The test case in the repo for QR appears to only run with square matrices:
test without column pivoting: https://github.com/kokkos/kokkos-kernels/blob/2c4dd7e2bd3f19344ab6aa6e851d8adf1ffd3897/batched/dense/unit_test/Test_Batched_TeamVectorQR.hpp#L111
test 'WithColumnPivoting': https://github.com/kokkos/kokkos-kernels/blob/2c4dd7e2bd3f19344ab6aa6e851d8adf1ffd3897/batched/dense/unit_test/Test_Batched_TeamVectorQR_WithColumnPivoting.hpp#L121
Okay, thanks for digging a bit into this, I will run the code in valgrind / gdb as well and hopefully can reproduce and report my observation. The algorithm indeed uses a partitioning in the matrix to perform some operations but it should still work for rectangular matrices. Once I find something promising I will let you know about it : )
The PR above, #2342, has a fix for the rectangular matrices and introduces more tests for the Serial QR feature. The tests are not fully implemented yet but the fix seems to be okay if you want to give it a try.
This is great.

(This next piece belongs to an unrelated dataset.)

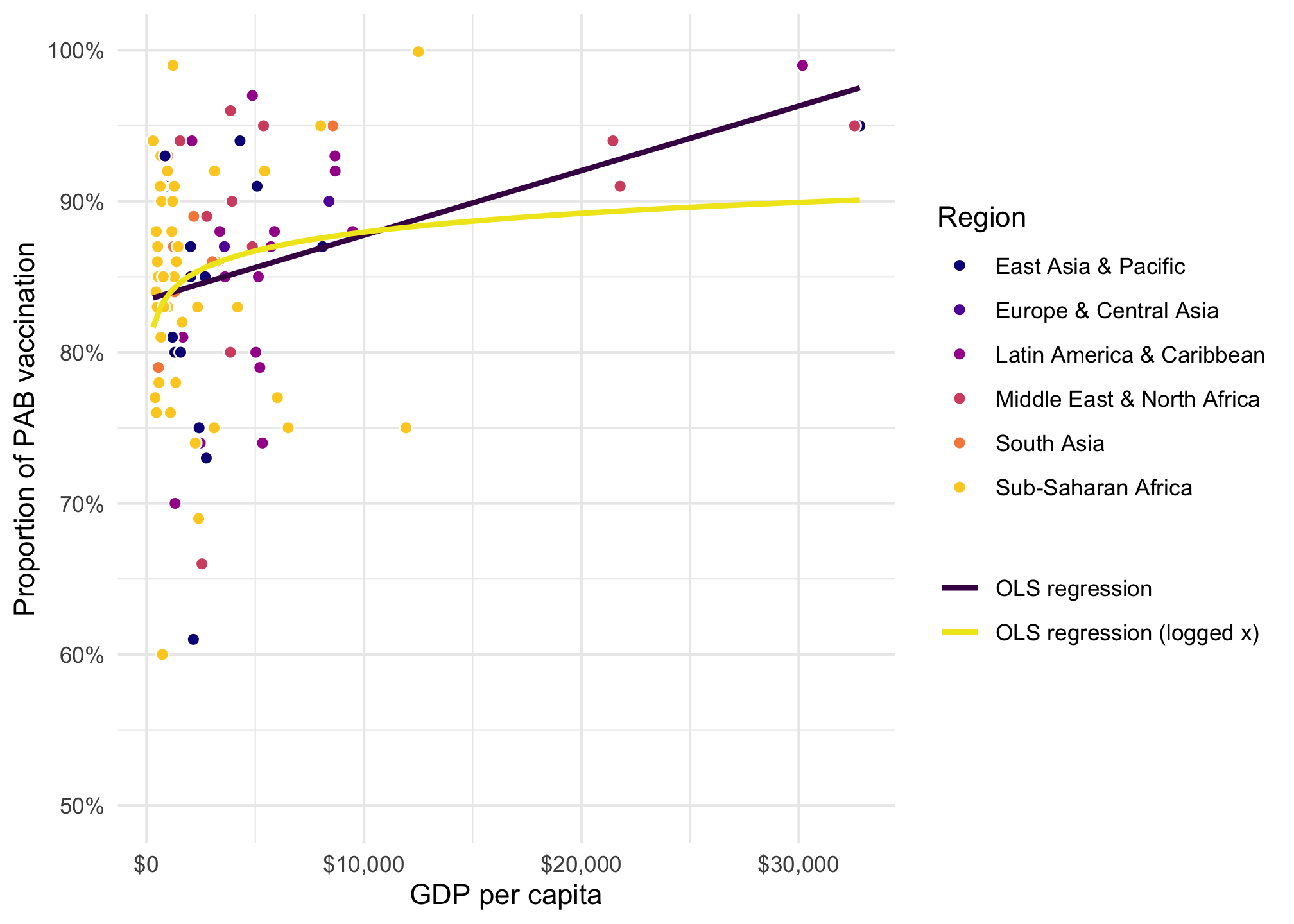 Instead of disaggregating everything by region and choosing arbitrary values of GDP per capita, we can also find the overall average slope of the line. Across all countries and regions different levels of GDP per capita, a $1,000 increase in GDP per capita is associated with a 0.665 percentage point increase in the proportion of vaccinated children, on average.

Thank you @lucbv.
Using the PR branch (https://github.com/kokkos/kokkos-kernels/pull/2342/commits/9121f0a5bc697cfa55a68998e037a895a460677c) I ran the reproducer under valgrind again and the SerialQR
errors are gone.
Running the expanded version of the reproducer:
https://github.com/SCOREC/meshFields/blob/20a68919b338003ff8792ce7d2cc6c5df3f13613/test/testQR.cpp
under valgrind reports an invalid read in the call to SerialTrsv
. Some additional details on the first invalid read and the valgrind log are below.

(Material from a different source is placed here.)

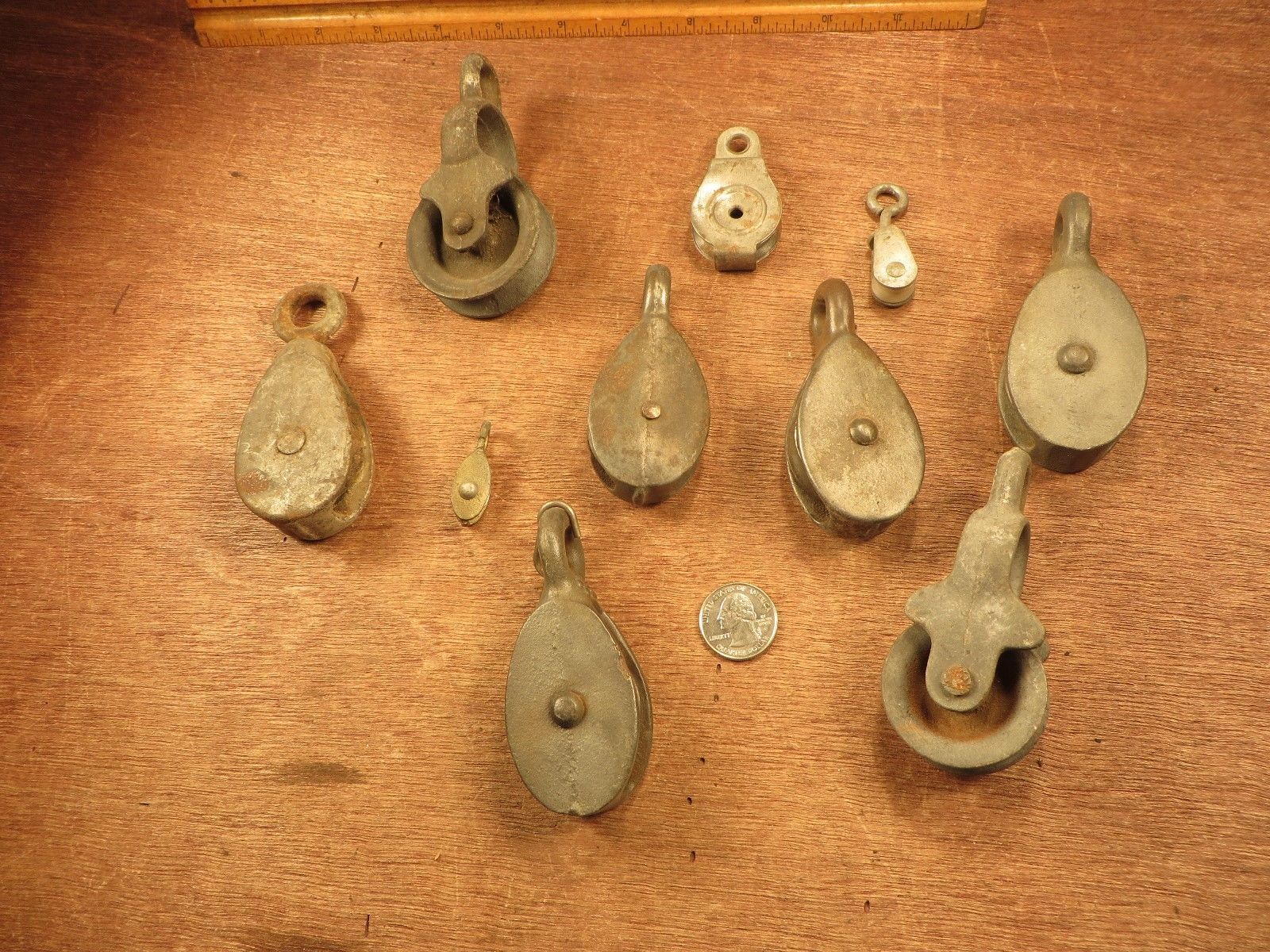 Estate Vintage Lot Of 10 Small Size Assorted Boat ? Block Tackle Pulleys VGC

Running under gdb reports the following values of variables at the point of the first reported invalid read.
Reading symbols from /opt/scorec/spack/rhel9/v0201_4/install/linux-rhel9-x86_64/gcc-12.3.0/libiconv-1.17-oylnknwv5m57zkfjde7op6ne3pqdkhxg/lib/libiconv.so.2...

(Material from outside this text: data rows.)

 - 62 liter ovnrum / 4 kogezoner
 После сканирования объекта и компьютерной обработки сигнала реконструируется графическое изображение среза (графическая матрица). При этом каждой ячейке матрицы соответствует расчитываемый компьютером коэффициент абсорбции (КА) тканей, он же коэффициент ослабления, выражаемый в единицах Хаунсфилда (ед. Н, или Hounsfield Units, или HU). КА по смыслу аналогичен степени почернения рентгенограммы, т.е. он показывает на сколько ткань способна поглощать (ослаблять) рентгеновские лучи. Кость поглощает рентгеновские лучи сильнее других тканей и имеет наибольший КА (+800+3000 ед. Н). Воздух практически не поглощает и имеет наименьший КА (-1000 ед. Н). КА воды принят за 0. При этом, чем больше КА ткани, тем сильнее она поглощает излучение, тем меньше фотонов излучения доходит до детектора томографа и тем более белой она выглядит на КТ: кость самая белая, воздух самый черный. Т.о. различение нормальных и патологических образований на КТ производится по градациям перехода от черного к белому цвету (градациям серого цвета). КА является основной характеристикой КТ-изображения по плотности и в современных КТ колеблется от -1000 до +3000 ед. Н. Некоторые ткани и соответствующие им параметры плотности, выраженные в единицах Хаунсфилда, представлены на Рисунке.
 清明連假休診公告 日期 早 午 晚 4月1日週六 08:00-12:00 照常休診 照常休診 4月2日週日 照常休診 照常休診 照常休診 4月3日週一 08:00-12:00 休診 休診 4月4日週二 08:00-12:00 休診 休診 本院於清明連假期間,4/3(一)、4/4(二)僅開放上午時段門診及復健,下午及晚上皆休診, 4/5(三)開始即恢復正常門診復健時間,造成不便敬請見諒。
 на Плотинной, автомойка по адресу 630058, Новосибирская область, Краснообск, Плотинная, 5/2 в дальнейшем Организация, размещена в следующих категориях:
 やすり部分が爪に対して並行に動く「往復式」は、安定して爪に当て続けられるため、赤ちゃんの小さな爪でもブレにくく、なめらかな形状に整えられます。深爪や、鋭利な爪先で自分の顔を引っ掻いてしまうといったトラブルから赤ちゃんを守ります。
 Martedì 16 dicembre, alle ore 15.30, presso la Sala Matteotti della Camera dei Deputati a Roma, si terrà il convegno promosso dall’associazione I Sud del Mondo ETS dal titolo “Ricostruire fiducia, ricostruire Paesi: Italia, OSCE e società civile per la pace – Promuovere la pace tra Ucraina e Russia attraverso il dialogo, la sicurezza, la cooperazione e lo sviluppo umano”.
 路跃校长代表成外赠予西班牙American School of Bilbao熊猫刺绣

0x0000000000427b8f in KokkosBatched::SerialTrsvInternalUpper<KokkosBlas::Algo::Level2::Unblocked>::invoke<double, double> (use_unit_diag=false, m=16, alpha=1, A=0x8991f00, as0=1, as1=16, b=0x8993940, bs0=1)
at /space/cwsmith/meshFields/buildKokkosKernelsSerial/install/include/KokkosBatched_Trsv_Serial_Internal.hpp:161
161 if (!use_unit_diag) *beta1 = *beta1 / A[p * as0 + p * as1];
(ins)(gdb) where
#0 0x0000000000427b8f in KokkosBatched::SerialTrsvInternalUpper<KokkosBlas::Algo::Level2::Unblocked>::invoke<double, double> (use_unit_diag=false, m=16, alpha=1, A=0x8991f00, as0=1, as1=16, b=0x8993940, bs0=1)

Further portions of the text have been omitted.